Role of FAPs in muscle homeostasis, regeneration and fibrosis

More than 10 years ago, two research groups showed independently in murine skeletal muscle the presence of stromal cells, characterized by the expression of the marker pdgfra (aka CD140a), cd34 and Sca1 (Ly6a/e) (Joe et al., 2010; Uezumi et al., 2010). These cells are localized within the muscle interstitium (endomysium, perimysium and epimysium) and are often observed around vessels (Joe et al., 2010; Uezumi et al., 2010; Contreras et al., 2021; Ritso et al., 2022). Given their dual ability to give rise to adipocytes and fibroblasts both in vitro and in vivo (Joe et al., 2010; Uezumi et al., 2010; Heredia et al., 2013), they were termed fibro-adipogenic progenitors (FAPs). During homeostasis FAPs are quiescent (Lemos et al., 2015) but they rapidly activate and proliferate in response to muscle damage. As muscle regeneration begins, a finely tuned cross-talk between the different cellular players takes place: immune cells secrete molecules that sustain FAPs proliferation (IL4/IL13) (Heredia et al., 2013), muscle fibres secrete IL15, that stimulates FAPs proliferation and at the same time inhibits their adipogenic differentiation (Kang et al., 2018). FAPs in return, secrete many different molecules creating a favourable environment to support muscle regeneration by allowing interaction directly with muscle fibres/MuSCs and by modulating the activity of other cell populations involved in this process (Heredia et al., 2013; Lemos et al., 2015; Fiore et al., 2016). FAPs produce interleukins/myokines such as IL6 and IL10, known to favour myogenic differentiation (Strle et al., 2007; Serrano et al., 2008; Lemos et al., 2012), and IL33, which induces the proliferation of muscle resident Treg, required for a proper regeneration (Kuswanto et al., 2016). To have a more complete view of the interactions between FAPS, MuSC and immune cells, refer to very recent reviews (Biferali et al., 2019; Contreras et al., 2021; Ritso et al., 2022).

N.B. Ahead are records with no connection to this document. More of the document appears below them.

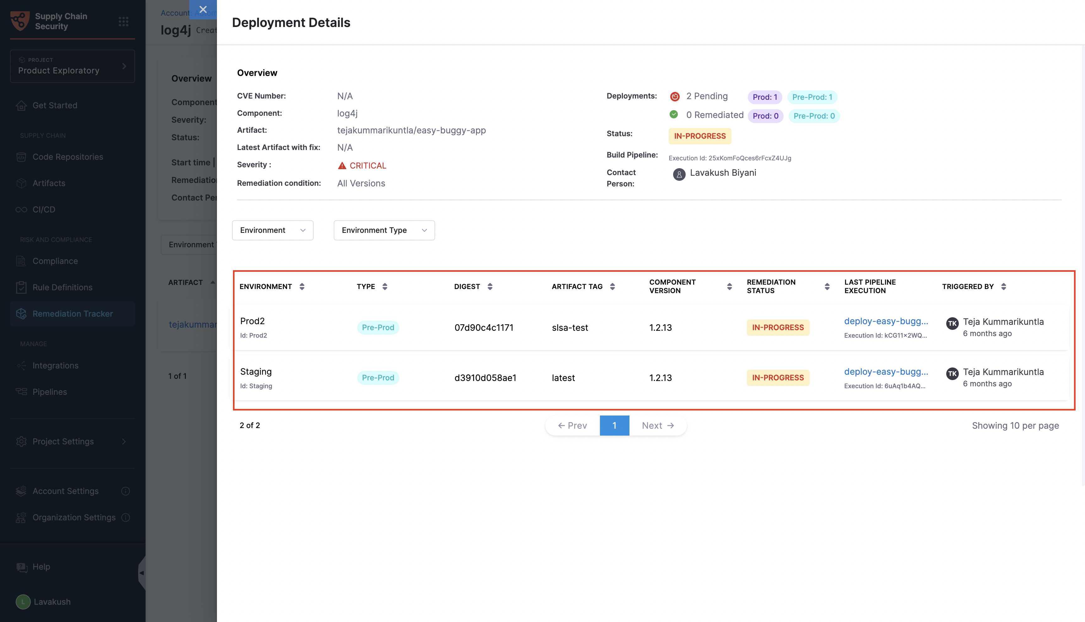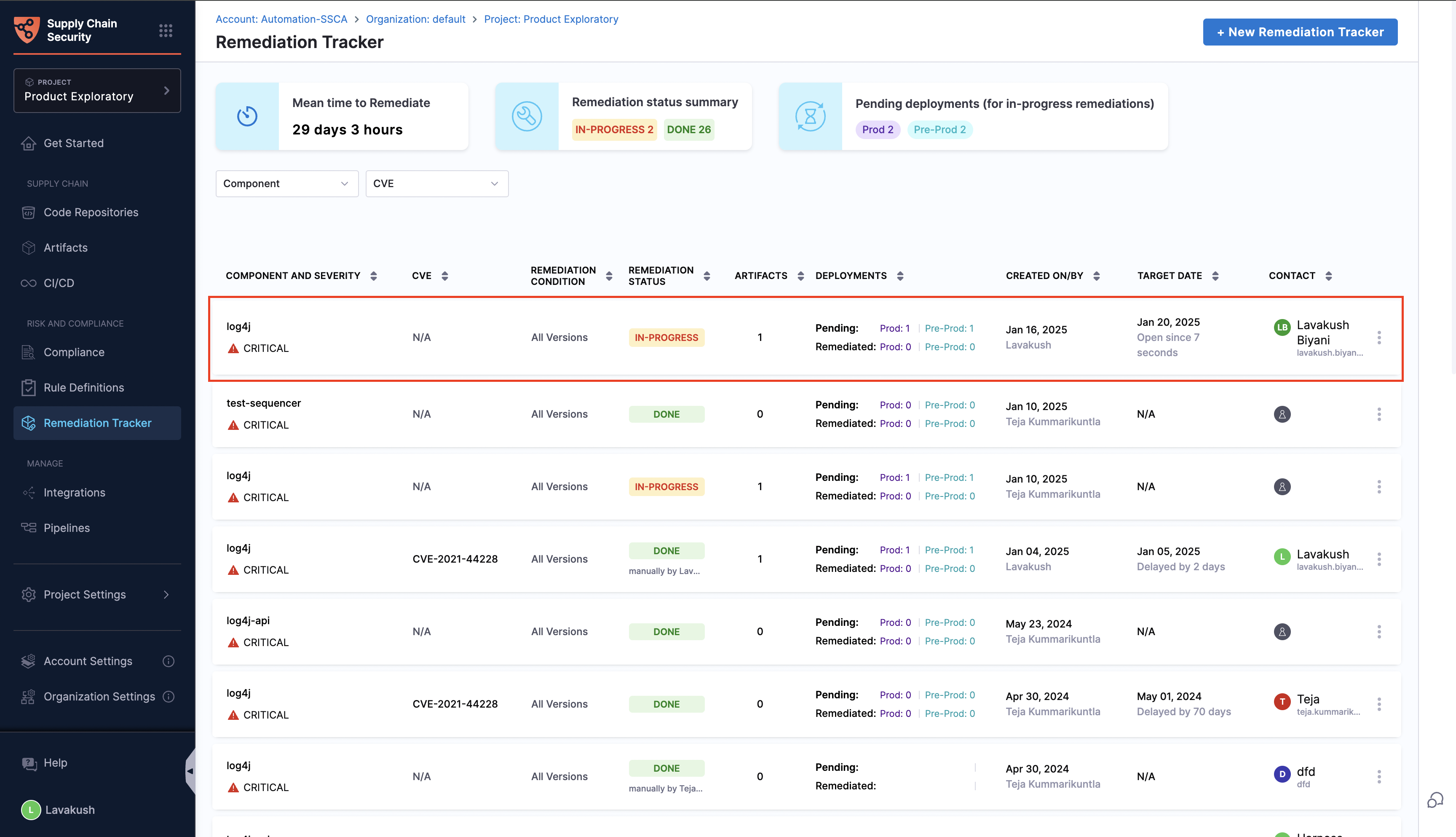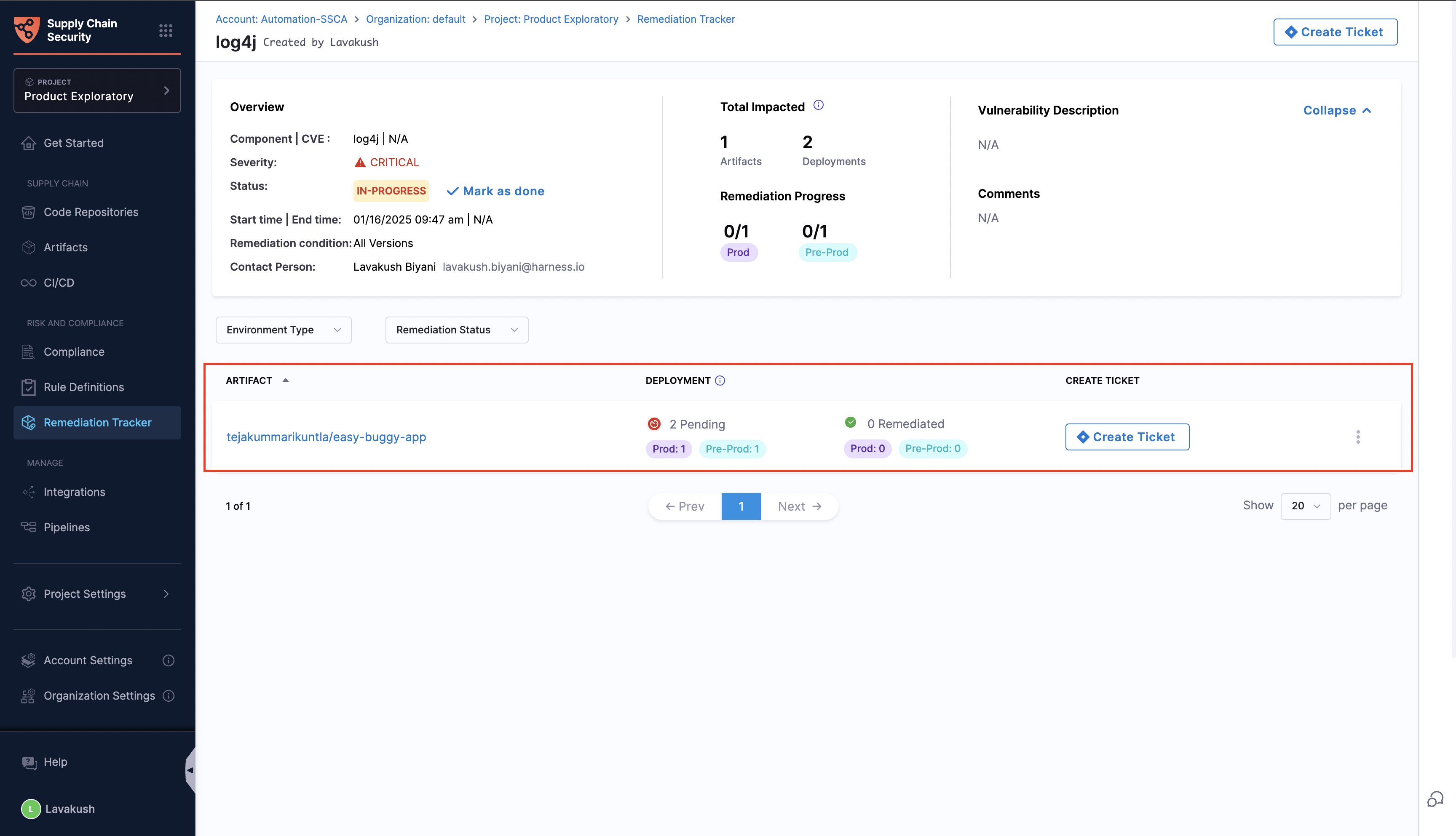 Before creating a remediation tracker, it is crucial to ensure that your deployment pipelines incorporate and successfully complete the SBOM Orchestration step. Additionally, all artifacts must be listed in the Artifacts view page in the SCS module, as the tracker can only screen through those deployed artifacts available in this view.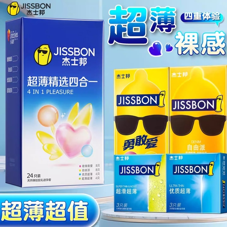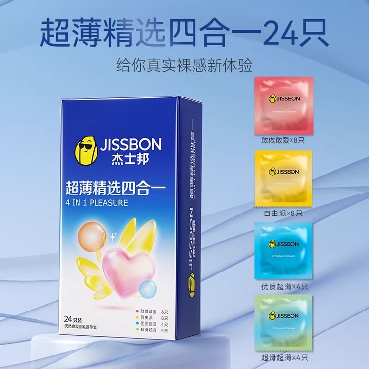 [중국 직배송] 지스본 클래식 4-in-1 콘돔, 오래 지속되는 지연 콘돔, 초박형 돌기, 다양한 경험, 최고의 즐거움을 선사하는 24개입 성인용품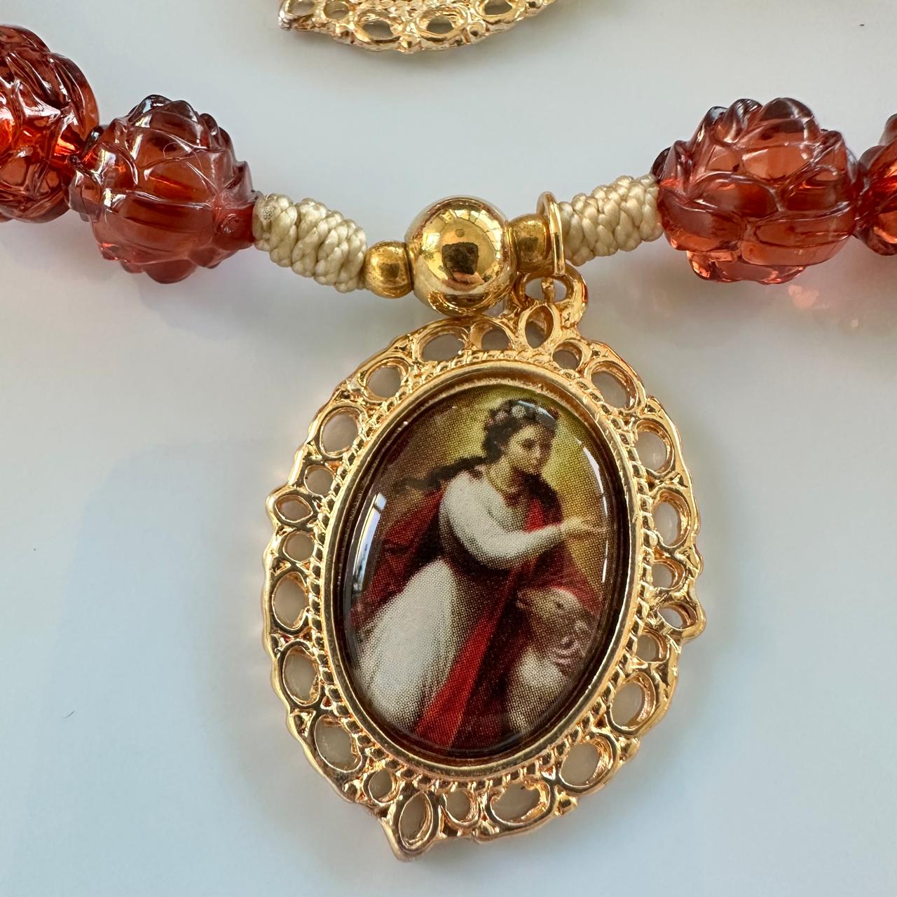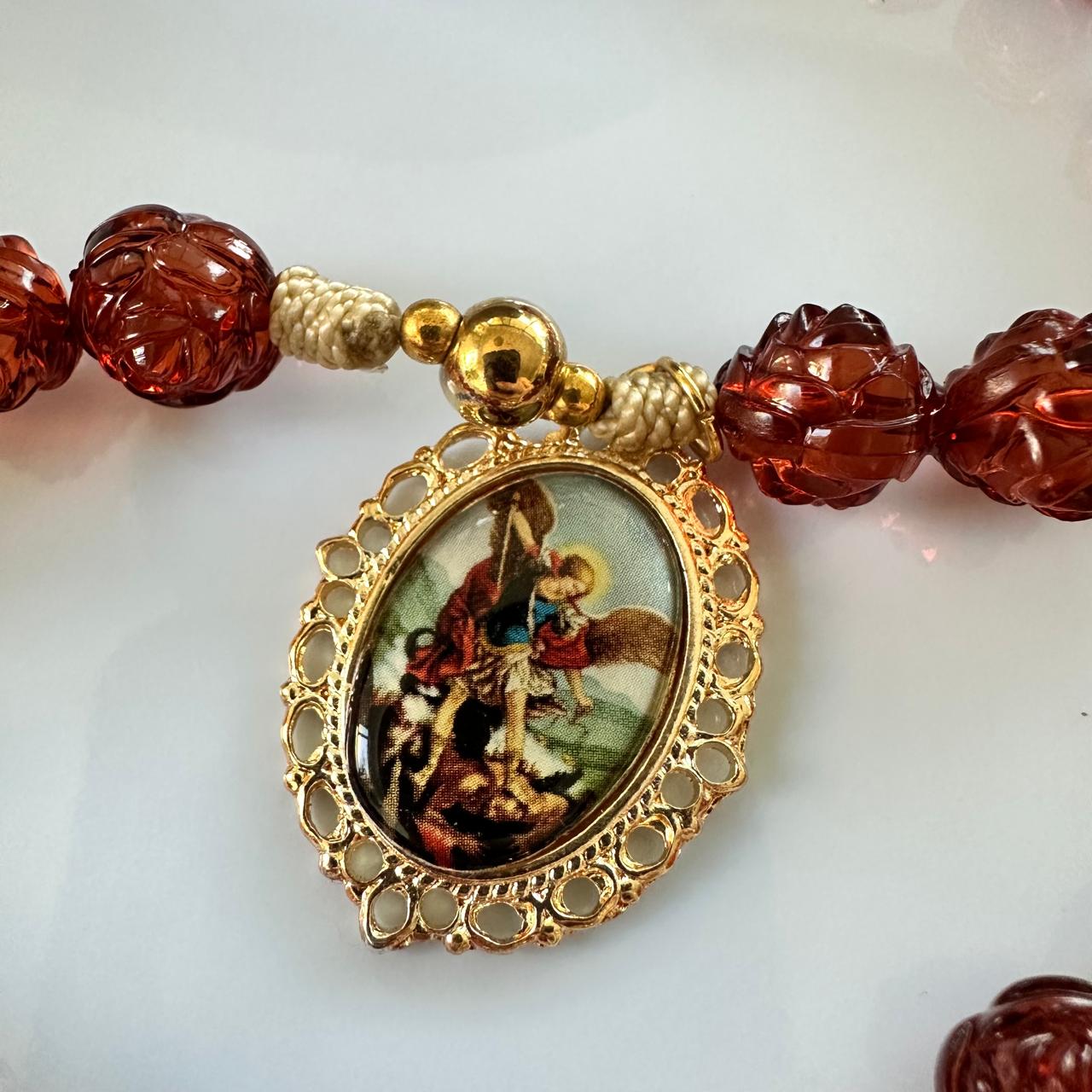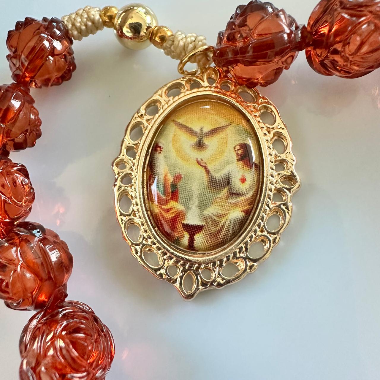 Rosario tradicional con medallas de San Miguel, San Gabriel, San Rafael, Virgen Milagrosa y Santísima Trinidad.

FAPs finally produce many of the ECM proteins, such as proteoglycans, collagens, laminins, fibronectin, to create the proper matrix environment for the ongoing regeneration. The balance between TGFbeta and TNFalpha (both secreted at least by macrophages) allows the proliferation of FAPs and ECM secretion, as well as their clearance by apoptosis in the late phase of regeneration. This clearance is a crucial event to prevent their differentiation toward adipose or fibrogenic phenotype, leading to permanent tissue scarring deposition characterized by an excessive ECM deposition, fatty infiltration (Uezumi et al., 2010; Heredia et al., 2013; Lemos et al., 2015) as well as calcification in some pathological conditions (Mázala et al., 2020). This makes FAPs, together with impaired MuSCs and fibres, one of the actors of the detrimental evolution in pathological condition. Given their anatomical localisation, FAPs are probably heterogeneous even in a steady state, and this heterogeneity is increased during regeneration (De Micheli et al., 2020a), when FAPs engage local cross-talks with different inflammatory cell partners.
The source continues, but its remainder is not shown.